Le groupe français spécialisé dans les services de fabrication électronique, Asteel Flash, prévoit de renforcer sa présence en Tunisie à travers une prochaine extension de sa filiale locale. L’annonce a été faite jeudi à l’issue d’une réunion à Tunis entre les responsables du groupe et le ministre de l’Équipement et de l’Habitat, ministre par intérim de l’Industrie, des Mines et de l’Énergie, Salah Zouari.
Ce projet s’inscrit dans la stratégie tunisienne visant à consolider la filière électronique et à attirer davantage d’investissements étrangers.
La Tunisie au cœur de la stratégie du groupe français
Lors de cette rencontre, le PDG d’Asteel Flash Tunisie, Nicolas Denis, a affirmé la volonté du groupe de faire de la Tunisie « une destination de choix pour les investissements dans l’industrie électronique à l’échelle mondiale ».

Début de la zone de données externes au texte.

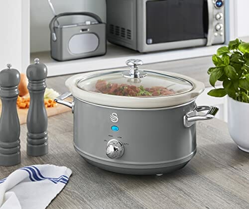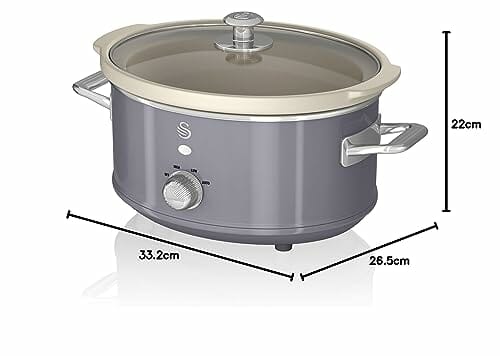 Swan Retro SF17021GRNEU Wolnostojący garnek 3,5 l Wymienny pojemnik, Non-stick Darmowe ceramiczne PFOA i PTFE, 3 poziomy Temperatura, Szklana pokrywa, Slow Cooker, Vintage Design, Szary, 200W
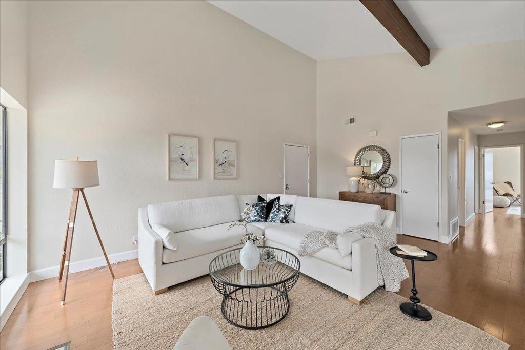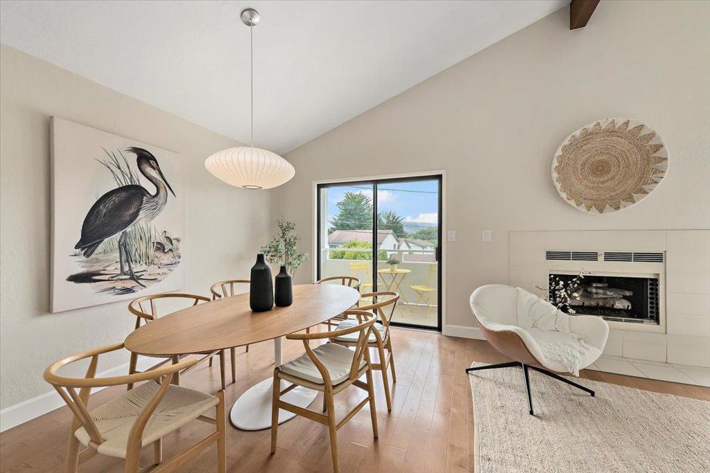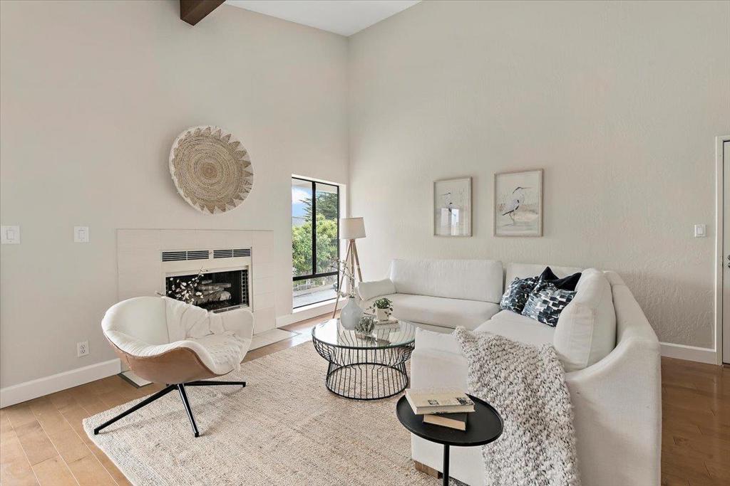 Welcome to this charming 2-bedroom, 2-bathroom home right in the heart of picturesque Half Moon Bay. With 1,028 sq ft of spacious living space, this residence offers a cozy and inviting atmosphere. The kitchen is well-equipped, featuring abundant granite countertops, dishwasher, french door fridge, lots of storage and a large pantry making it perfect for culinary enthusiasts. The open plan living room, with its soaring open beam ceiling and wood flooring, provides a warm and stylish setting, enhanced by a welcoming fireplace. The generous dining space easily accommodates a large table ideal for entertainers. Both bathrooms have been attractively remodeled featuring modern vanities and Toto toilets. Convenient amenities include a large indoor laundry with abundant built in storage, and 2 dedicated spaces in the secured underground parking garage with ample room for extra storage. The shared common area is directly accessed from the unit via the rear deck and there’s also a private deck out front ideal for morning coffee or an evening beverage while enjoying the sunset. Enjoy easy access to the beach and the natural beauty of the coast or take the short trail directly into downtown. This home is a delightful blend of comfort and functionality, ready for you to make it your own.
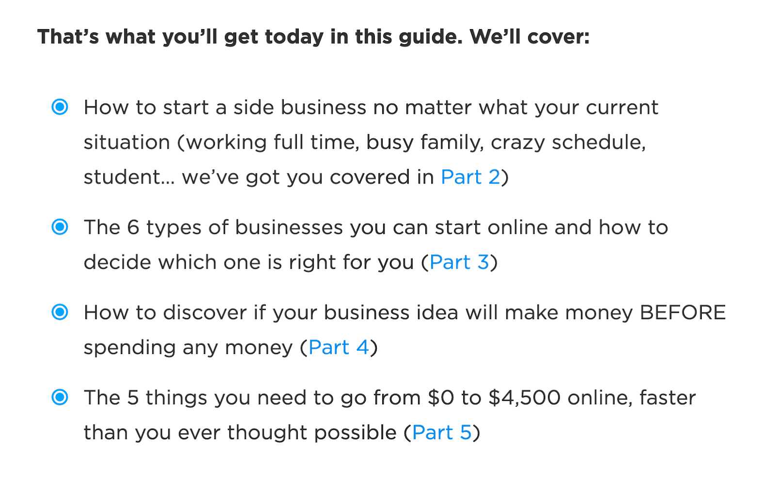 Starting with the title, you can see that they are creating a “Guide” for Profitable Business Ideas.
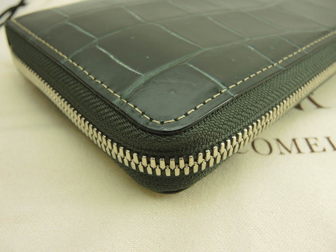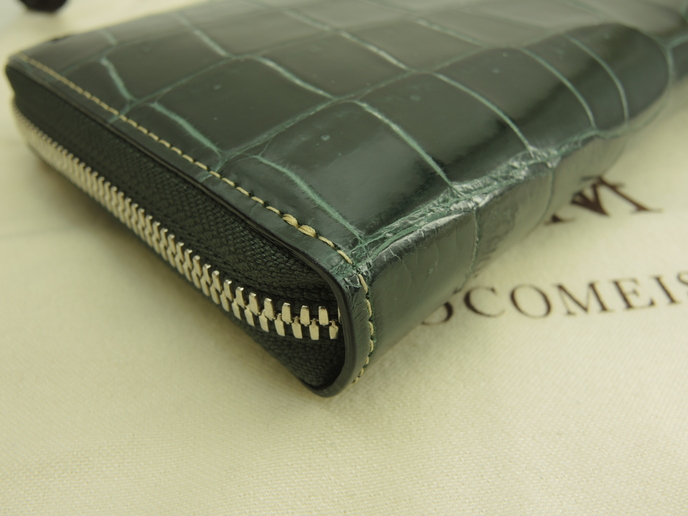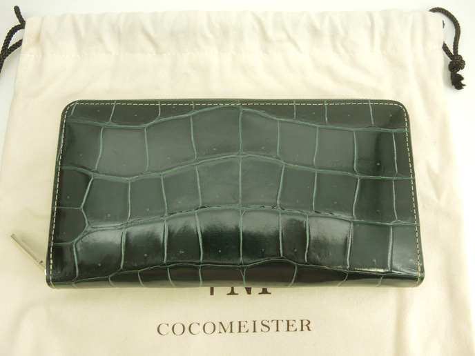 品名 : ラウンドジップ長財布 ジップアラウンドロングウォレット ジムクラック メーカー : ココマイスター 型番・素材 : クロコダイルレザー ライン・色 : ダークグリーン シルバー金具 参考定価 : 672000円 サイズ : W21 x H11 x D2.5 cm 製造番号 : 元から無し 総重量 : 1010g 本体重量 : 300g 付属品 : 写真の中に写っているものです 情報 : ボディは使用による薄スレ・クスミが全体的に少しございますが、目立つダメージなく綺麗です。コーナー淵にスレはございません。財布内は気になるスレ・汚れもなく綺麗です。コインケース内は銭汚れが少しございます。ファスナーの開閉は少しかためです。金具部分はメッキ剥げもなくピカピカです。 #Cocomeister #LongWallet #GIMCRACK #Wallet #Crocodile #Leather #Green #80%new #authentic #LongWallet #ZipAroundWallet #Silver #secondhand #wholeSale #haibanya #aisai-jp #転売可
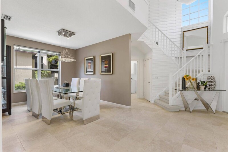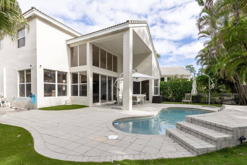 Stunning home in gorgeous Woodfield Country Club has large windows throughout so you can enjoy the natural light & views of the private backyard with pool. Perfect for any decor, this home is sleek and modern with very high ceilings for a large, open feel. First floor primary suite has a view of the backyard. Upstairs features a large loft perfect as a 4th bedroom or office plus 2 bedrooms and 2 full bathrooms. Owner just installed new luxury vinyl flooring on stairs and entire 2nd floor. Unique large driveway fits 4 cars plus park 2 cars in the garage. Woodfield Country Club is a magnificent gated community with incredible clubhouse, restaurants, pool, kid's corner, tennis, golf course, spa, activities and more close to everything in a great Central Boca location near I-95 & turnpike.
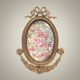 Neoclassical Oval Brass Photo Frame with Ribbon Crest & Floral Garland
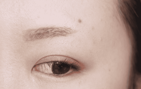 第三步:最后用眉粉端填补空缺,加深眉毛的颜色,主要是眉尾部分,眉粉营造出毛茸茸的感觉,眉头部分轻轻带过即可。
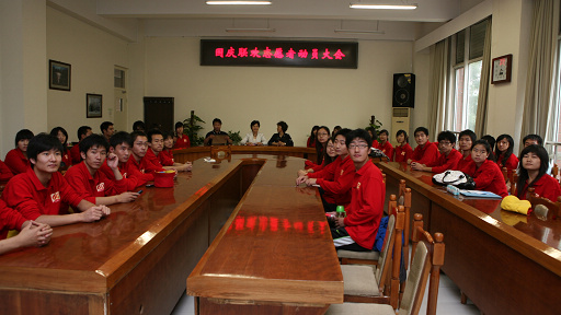 9月29日下午3:30,离新中国成立六十周年华诞已不到八个小时。beat365在教B209举行国庆联欢志愿者动员大会,校党委书记王慧敏,党委副书记高东出席动员会。会议由团委书记杨宝东主持。

Le responsable français a mis en avant la qualité des compétences tunisiennes et le niveau de qualification des ressources humaines locales, considérés comme des atouts majeurs pour le développement des activités du groupe dans le pays.
Présent en Tunisie depuis 25 ans, Asteel Flash emploie actuellement environ 1500 ingénieurs et cadres au sein de sa filiale tunisienne, devenue un maillon important dans son dispositif industriel international.

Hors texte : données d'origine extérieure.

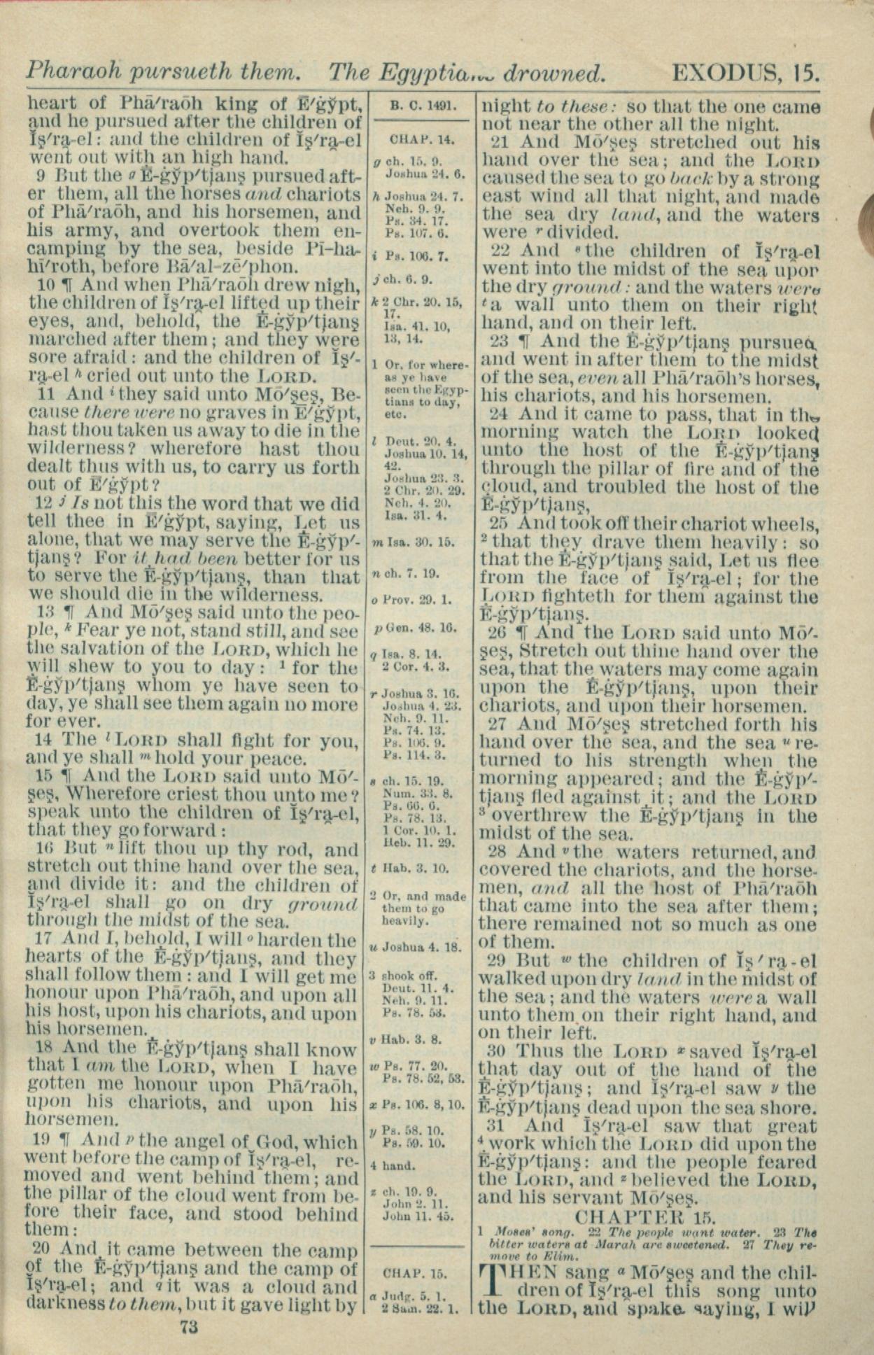 1916年Holy Bible 出埃及記 14 章 9 節到 15 章 1 節
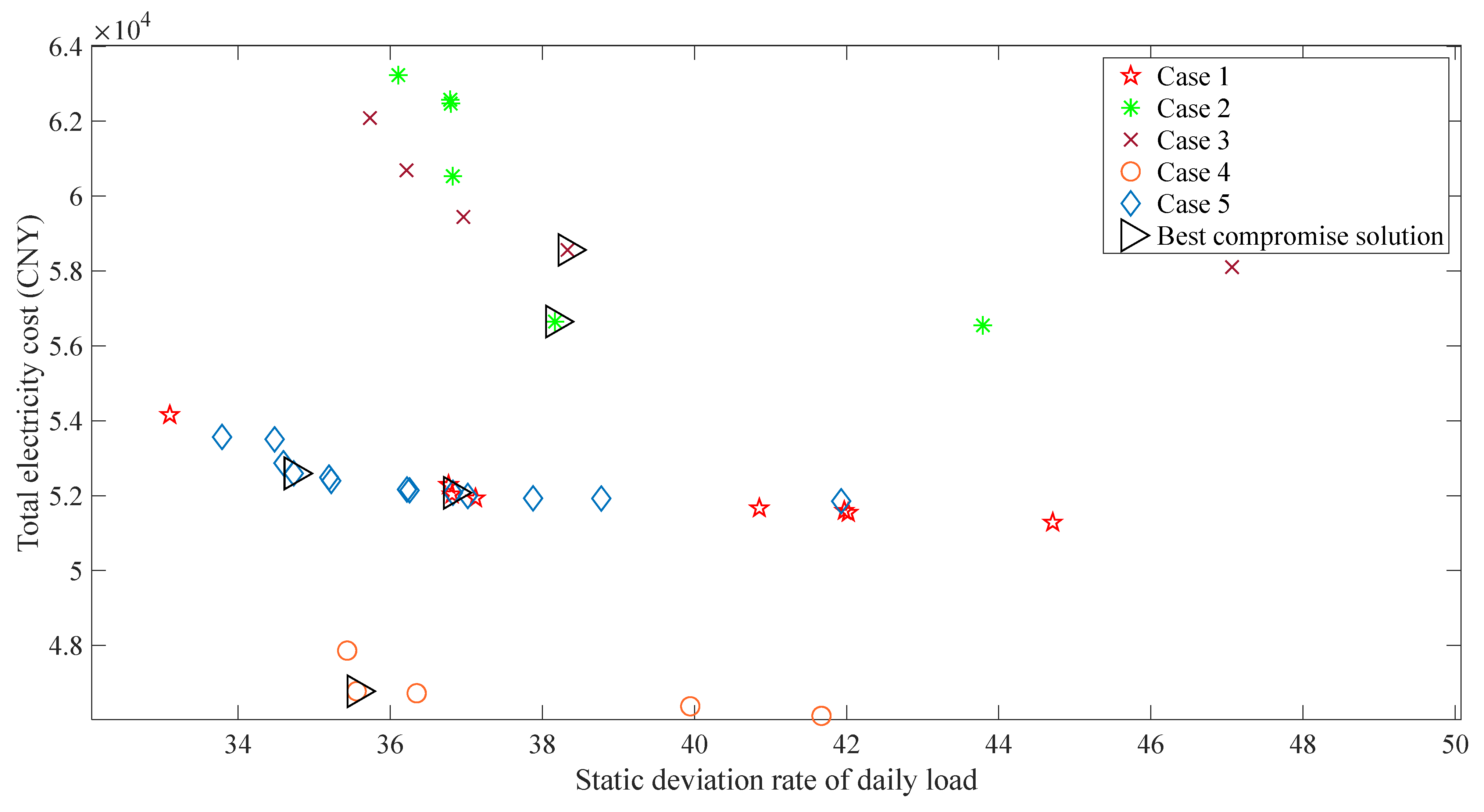 | Total Electricity Cost (104 CNY) | Static Deviation Rate of Daily Load | ||||

Une filière stratégique soutenue par l’État
De son côté, Salah Zouari a réaffirmé l’engagement des autorités tunisiennes à soutenir les investissements dans l’industrie électronique, considérée comme un secteur stratégique à forte valeur ajoutée.
Le ministre a notamment rappelé la signature, en avril 2026, de la « Charte de compétitivité du secteur des industries électroniques à l’horizon 2030 ». Cette feuille de route vise à porter les exportations du secteur à près de cinq milliards de dinars et à générer 10.000 emplois qualifiés dans les prochaines années.
Les autorités misent ainsi sur le développement de l’électronique pour renforcer l’attractivité industrielle du pays et consolider la place de la Tunisie dans les chaînes de valeur internationales.
L’annonce de cette future extension intervient dans un contexte où la Tunisie cherche à attirer davantage d’investissements étrangers dans les secteurs technologiques et industriels.